A method for detecting autoantibodies against TNFR1 and SFTPD or AGPT2, CB, IL2RA, IL2RB, SELE, SFTPD, TNFR1 and TNFS1B, and optionally against TNFRSF6B, MUC1, MOK and CXCL8 and/or IL2RB, SFTPD, TNFRSF1B and AGPT2, in a test sample from a human patient suffering from sepsis, preferably a COVID-19 patient, at risk of developing ARDS, the method comprising: a) Printing purified cDNA encoding the full-length sequence for the autoantigens TNFR1 and SFTPD or AGPT2, CB, IL2RA, IL2RB, SELE, SFTPD, TNFR1 and TNFS1B, and optionally TNFRSF6B, MUC1, MOK and CXCL8 and/or IL2RB, SFTPD, TNFRSF1B and AGPT2, onto a slide together with an antibody that recognizes the specific tag, and b) Capturing the expressed protein by the anti-tag antibody when the biological sample is added.

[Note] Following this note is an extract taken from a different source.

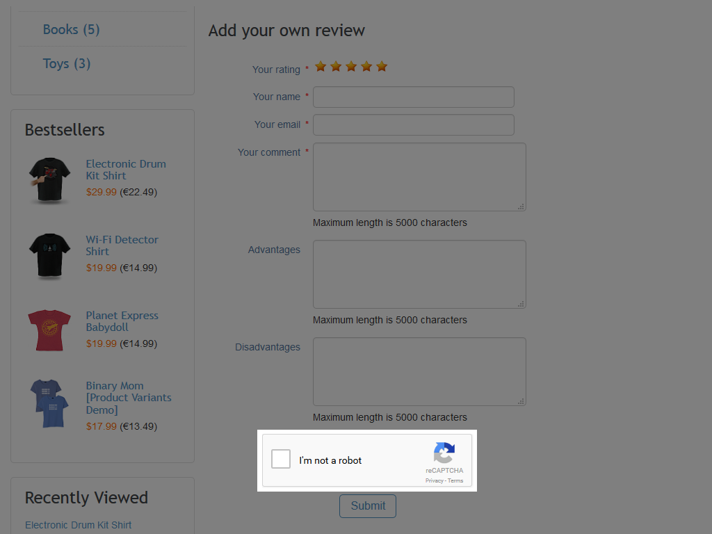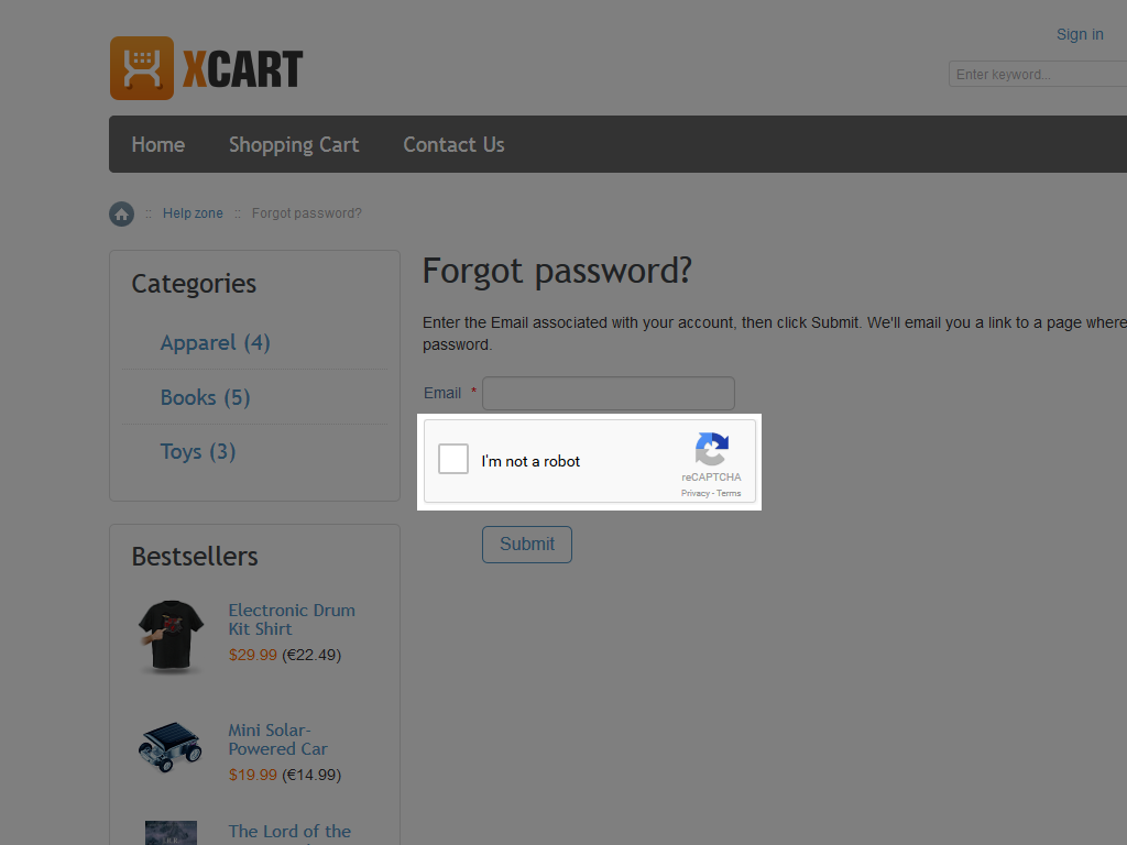 This add-on provides advanced protection from bots for your store. Gives access for real customers without any difficulties. It protects your store from robots and spam. There is no need to identify some symbols and enter them into text field, just one click and a customer can move forward.

In a preferred embodiment, the present invention is a computer-implemented invention, wherein a processing unit (hardware) and a software are configured to:

• Receive information/data regarding the presence of autoantibodies against TNFR1 and SFTPD or AGPT2, CB, IL2RA, IL2RB, SELE, SFTPD, TNFR1 and TNFS1B and optionally against TNFRSF6B, MUC1, MOK and CXCL8 and/or IL2RB, SFTPD, TNFRSF1B and AGPT2,

• Process the information/data received for finding substantial variations or deviations with respect to the presence or absence of autoantibodies against TNFR1 and SFTPD or AGPT2, CB, IL2RA, IL2RB, SELE, SFTPD, TNFR1 and TNFS1B and optionally against TNFRSF6B, MUC1, MOK and CXCL8 and/or IL2RB, SFTPD, TNFRSF1B and AGPT2, and

• Provide an output through a terminal display of the variation or deviation detected, wherein the presence of autoantibodies against TNFR1 and SFTPD or AGPT2, CB, IL2RA, IL2RB, SELE, SFTPD, TNFR1 and TNFS1B is an indication that the patient suffering from sepsis has a bad prognosis and could develop ARDS, and wherein the presence of autoantibodies against TNFRSF6B, MUC1, MOK and CXCL8 and/or IL2RB, SFTPD, TNFRSF1B and AGPT2 is an indication that the patient will develop ARDS with high severity. The present invention also refers to a computer program or a computer-readable media containing means for carrying out the method of the invention.

For the purpose of the present invention the following terms are defined:

• The term "comprising" means including, but not limited to, whatever follows the word "comprising". Thus, use of the term "comprising" indicates that the listed elements are required or mandatory, but that other elements are optional and may or may not be present.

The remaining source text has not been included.